> **Exercise goal**
In the listing below, the answer starts at the line that has "One of a Kind" and stops after the line that has "NAVER_REDIRECT_URI = 'http://localhost:8000/naver/callback'"; please repeat that part exactly and nothing more.
[[ Exercise inputs, beginning ]]
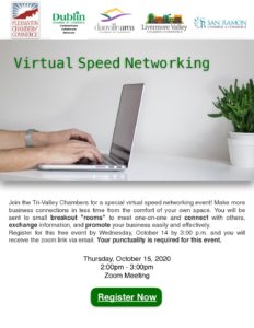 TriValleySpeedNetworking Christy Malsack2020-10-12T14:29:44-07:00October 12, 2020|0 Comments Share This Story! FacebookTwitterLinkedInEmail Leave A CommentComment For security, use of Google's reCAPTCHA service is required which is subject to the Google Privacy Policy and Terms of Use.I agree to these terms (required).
[[ Exercise inputs, end ]]
[[ Exercise inputs, beginning ]]
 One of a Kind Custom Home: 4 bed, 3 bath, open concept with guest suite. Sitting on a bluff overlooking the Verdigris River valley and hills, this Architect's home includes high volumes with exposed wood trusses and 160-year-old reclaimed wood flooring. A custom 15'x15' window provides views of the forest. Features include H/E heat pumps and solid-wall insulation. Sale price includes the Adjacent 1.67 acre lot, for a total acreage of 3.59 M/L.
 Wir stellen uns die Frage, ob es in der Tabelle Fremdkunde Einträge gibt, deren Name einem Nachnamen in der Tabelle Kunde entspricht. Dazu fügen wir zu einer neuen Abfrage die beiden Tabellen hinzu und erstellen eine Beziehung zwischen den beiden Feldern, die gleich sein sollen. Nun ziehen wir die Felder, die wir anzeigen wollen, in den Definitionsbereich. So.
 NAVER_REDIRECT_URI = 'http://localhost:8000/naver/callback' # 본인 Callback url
[[ Exercise inputs, end ]]
[[ Exercise inputs, beginning ]]
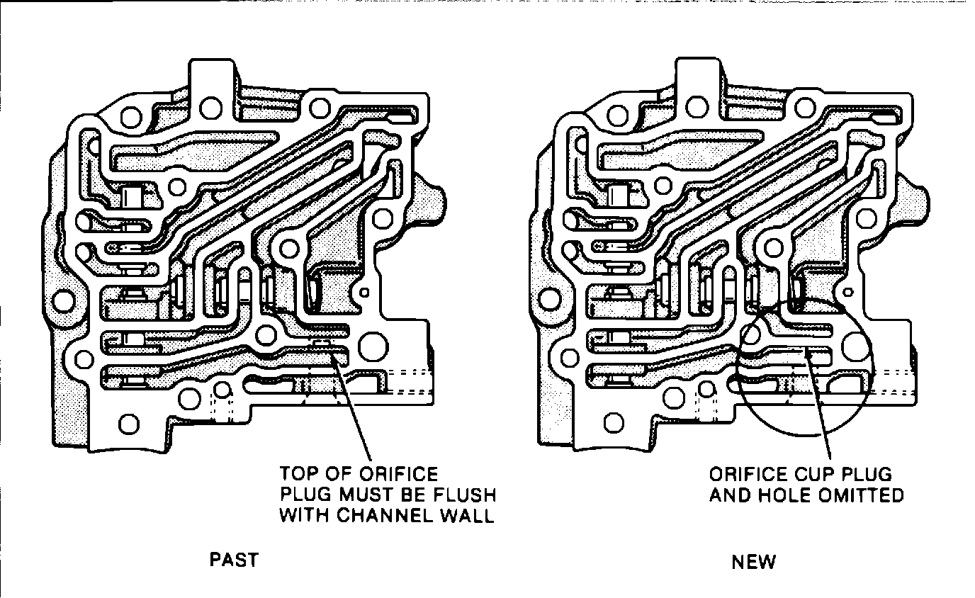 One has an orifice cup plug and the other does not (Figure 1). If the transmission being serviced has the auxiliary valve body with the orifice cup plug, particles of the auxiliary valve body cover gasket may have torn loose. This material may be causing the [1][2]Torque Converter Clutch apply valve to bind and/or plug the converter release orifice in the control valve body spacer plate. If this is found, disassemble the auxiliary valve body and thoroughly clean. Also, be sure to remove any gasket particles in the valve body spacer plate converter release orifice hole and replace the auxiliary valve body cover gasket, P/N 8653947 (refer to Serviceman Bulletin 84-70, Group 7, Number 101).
[[ Exercise inputs, end ]]
> **Exercise response**
 One of a Kind Custom Home: 4 bed, 3 bath, open concept with guest suite. Sitting on a bluff overlooking the Verdigris River valley and hills, this Architect's home includes high volumes with exposed wood trusses and 160-year-old reclaimed wood flooring. A custom 15'x15' window provides views of the forest. Features include H/E heat pumps and solid-wall insulation. Sale price includes the Adjacent 1.67 acre lot, for a total acreage of 3.59 M/L.
 Wir stellen uns die Frage, ob es in der Tabelle Fremdkunde Einträge gibt, deren Name einem Nachnamen in der Tabelle Kunde entspricht. Dazu fügen wir zu einer neuen Abfrage die beiden Tabellen hinzu und erstellen eine Beziehung zwischen den beiden Feldern, die gleich sein sollen. Nun ziehen wir die Felder, die wir anzeigen wollen, in den Definitionsbereich. So.
 NAVER_REDIRECT_URI = 'http://localhost:8000/naver/callback' # 본인 Callback url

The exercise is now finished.